By allowing ads to appear on this site, you support the local businesses who, in turn, support great journalism.
Bad decisions lead to Juliani tragedies
Placeholder Image
Stanislaus County is still reeling in grief over the horrible murder of 4-year-old Juliani Cardenas whose body was pulled from the Delta-Mendota canal near Patterson last week. Stories of this nature are painful to watch unfold. We automatically search our minds in an attempt to understand how someone like Jose Esteban Rodriguez could carry out such an ultimate act of evil to inflict pain on his mother, the one who broke off a relationship with him.

But are we willing to stare into the unvarnished truth that millions of women like Tabitha Cardenas make supremely unwise relational decisions that have far-reaching and terrible consequences? Are we honest and brave enough to talk about bad decisions having consequences?

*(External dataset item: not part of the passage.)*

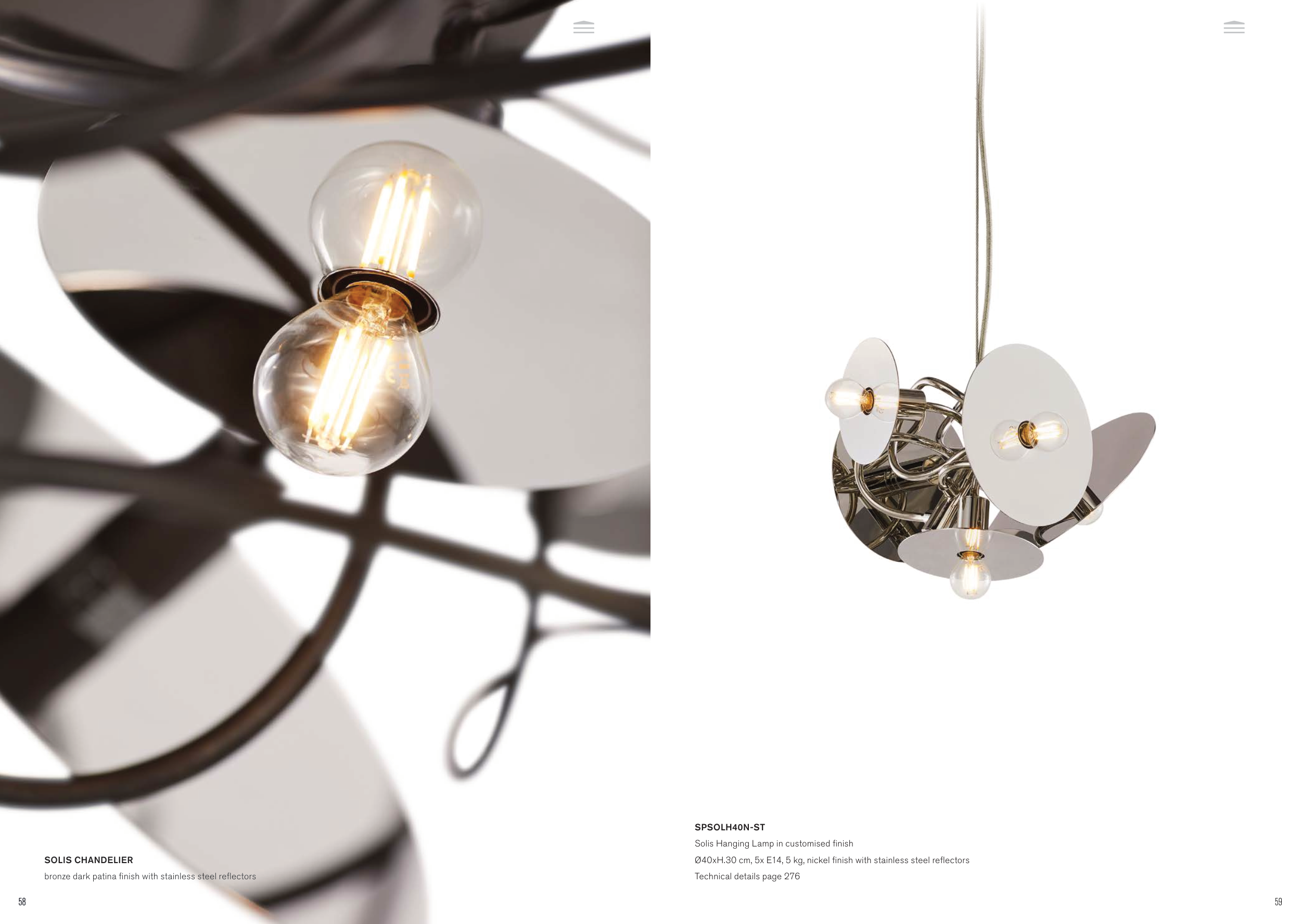 SPSOLH40N-ST Solis Hanging Lamp in customised finish Ø40xH.30 cm, 5x E14, 5 kg, nickel finish with stainless steel reflectors Technical details page 276 SOLIS CHANDELIER bronze dark patina finish with stainless steel reflectors 58 59

It's not with any mean-spiritedness towards Juliani's mother that I write this, but the "if onlys" play out in my mind.

Tabitha Cardenas and son lived with her mother, Amparo Cardenas. It's telling that Amparo told the Bee that allowing Rodriguez to move in with her daughter was "the worst mistake I have ever made."

Was the Cardenas household dismissive about Jose Esteban Rodriguez's checkered past when he came on scene or did they gloss over what they suspected? Did they know he had a criminal past that included a 1999 manslaughter conviction, drunken driving and allegations about unlawful sexual intercourse? What about red flags of purported jealousy and possessiveness?

I wish we'd connect the dots that tragedies such as this - and hosts of others - are indeed rooted in fatherlessness. I remain convinced that most of our societal ills today trace back to fatherlessness.

With marriage rates declining, the divorce rate holding at just under 50 percent and cohabitation rates on the rise, we have a huge problem of fatherlessness in America. It's no coincidence that as dad has disappeared, we also have a greater percentage of violent young men walking our streets killing others, joining gangs and peddling drugs for living.

More kids today live in fatherless homes than ever before. Typically, after a divorce or partner break-up, a woman with children seeks out another mate, often for economic survival but mostly for romantic companionship.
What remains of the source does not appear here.